I sighed and stopped typing on my computer, I looked into space. What else can I put to get a A? I mean I but everything, but I can put more.

"What you thinking about?" He asked me. I stopped looking at the ceiling, and looked at him. I shrugged and started to type what I think would get me a A.

Though it wasn't accurate, what else can I put? This is stressful. I saw a pair of long fingers take my computer, gently lifting it off my desk. I then saw that the arms lead to Kevin.
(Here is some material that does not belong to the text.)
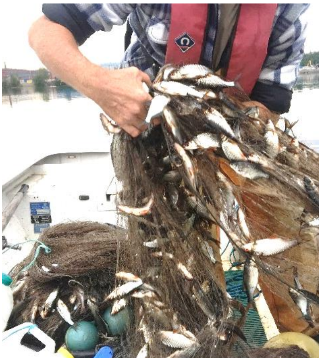
Projekt 2 Värmullen. Provfiske aug 2019

Klarälvens vattenråd har under året arbetat med praktiska åtgärder i främst fyra projekt:

He had my computer in his strong grasp. He then started to type while having the computer on his chest, what was he doing? I was to in shock to say or do anything. I just admired him.

I actually took a second to look at him. He looked so, perfect. I can't take my eyes off of him.

I then looked at his veiny hands. They weren't Too veiny to the point that it was unattractive. But it was like perfect. It just shows how strong he is. He was wearing a black hoodie. It had a Nike logo on the top Conor.

Why did he look so good in everything? And why do I want to see what he looks like underneath? What's going on with me.

He then set my computer back down on my desk. I then saw that my essay was complete.i looked back at Kevin, the guy with straight Fs that juts did my essay.

I have him a shock look, I then saw him smile then scratch the back of his neck. He was looking around the room, while I was just staring at Kevin.

He had this stupid attractive smile on him.

"I am really good at this type of stuff. I thought I'll help you." He said. I smiled at him, still looking into his eyes. He was so beautiful.

I was about to start day dreaming about him, when I realized that I was staring at him for a long time. Why was I feeling so lovey dovey?